I had a nurse check-up appointment this morning. It was fine. I wasn’t particularly feeling the need for a check-up or anything like that, but I was told to do it and I really really like following orders, especially around health things.
I like the nurse in my GP practice. She’s kind and competent and efficient and she mostly even remembers stuff about you from visit to visit, which can’t be easy given the size of the practice. But she also puts me on edge and leaves me feeling a bit like a little girl, or maybe it’s just that her demeanour triggers in me feelings that I had when I was a little girl.
I want to pass on information to her about pains and odd feelings etc., which I know are probably nothing, but I still want a medical professional to confirm as nothing. But when I do so, I sort of get that feeling like I’m being a nuisance or over-reacting or something like that. It’s hard to put my finger on exactly what it is that she does or doesn’t do in our interactions that leaves me feeling like this, but the feeling is there all the same.
No doubt it’s all down to my own childhood issues, growing up with two medical professional parents, and many times being told when I complaint of ailments that “there’s always an arse or an elbow with you”.
I mean, it’s probably good to learn to curtail one’s hypochondriac leanings, but given that I had (have!) the feelings anyway, being told to shut up about them didn’t really make me feel any less anxious; I just stopped mentioning it.

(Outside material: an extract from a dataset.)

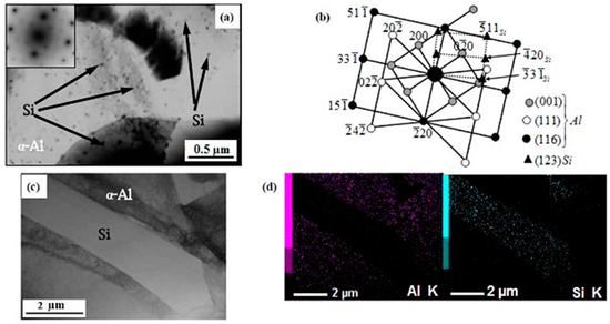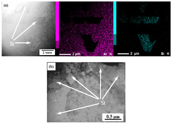 According to TEM, secondary silicon particles of a different shape formed in the α-Al grain. Crystals with a cubic shape and the size of ~0.05–2 µm and fine-dispersed particles similar to a spherical shape with the size of 0.008–0.07 µm were present in Figure 4a. It is possible to presume that the introduction of modifiers resulted in the local change in the concentration composition of the alloy. Figure 4d presents a dark-field TEM image of the modified Al-7%Si alloy, in which one can see that within coarse Si crystals of ~0.5 µm, there were Al nanoparticles of less than 30 nm. These data were justified by energy dispersive analysis and microdiffraction patterns taken of this area. One might suppose that during the cooling of the alloy in a solid state, the concentration of the aluminum sufficient for the precipitation of secondary α-Al grains increased locally in the grains of silicon (Si), representing a solid solution of aluminum in silicon. In the region of the eutectic, eutectic silicon precipitates had various geometrical shapes different from an needle- or plate-like one.

And now as an adult or a parent, I do definitely see similar behaviour in my children, and I can find it frustrating, and I’m tempted to exclaim “You’re fine! There’s nothing wrong with you! Just get on with things!”. So I don’t even know what my parents were meant to do; I don’t even know how I’d parent small-me if I had the opportunity. Ideally I’d do something to help me cope with and deal with my own fears and anxieties. But if I could do that for then, I’d probably be able to do that for now, and we’ve all seen that that is most certainly not where my skills lie.
Had a bit of a (longer than intended) break there as G.’s aunt called around for a phone fixing. In the meantime the hospital rang to confirm Gestational Diabetes is to be my companion for the remaining four weeks of this pregnancy. Joy.
Just like the last time again, my post-prandial sugars are fine, it’s the fasting sugars that are over the line. It’s really frustrating because you’ve limited control when it comes to fasting sugars. I can control my post-eating levels by being smart about what I eat and eating small, frequent meals, and taking a short walk after eating, but I’ve no idea how to control what’s happening when I’m sleeping.
It also means that Christmas will be fairly miserable with no chocolate and few potatoes and no stuffing at dinner. No stuffing ever in the other meaning, in fact!
I was talking with G. about it a little last night: when you have something like Gestational Diabetes it’s actually easier to “be good” and stick to the rules when you’re doing it for someone else. And also when you know there’s an end date in sight. I remember having a huge craving for “just one chocolate” when I was pregnant with the twins – and I had it, and savoured it, but as a very “one off” (I’ll definitely find it hard to be off sweet things again). And I was miserable and felt very hard done by. But I could do it for the sake of giving the kiddos the best possible chance.
Also, having Twin 1 whipped away to the high care unit for two nights because of low blood sugar is an event I would be really determined to avoid if at all possible. If I keep that in mind, I think it will make it all more bearable. No piece of chocolate is worth an overnight with my newborn taken away from me.
So now… I got really organised with my task list over the weekend, so I know exactly what I need to get done today and I feel all the happier to get to it. I’ll be back here tomorrow!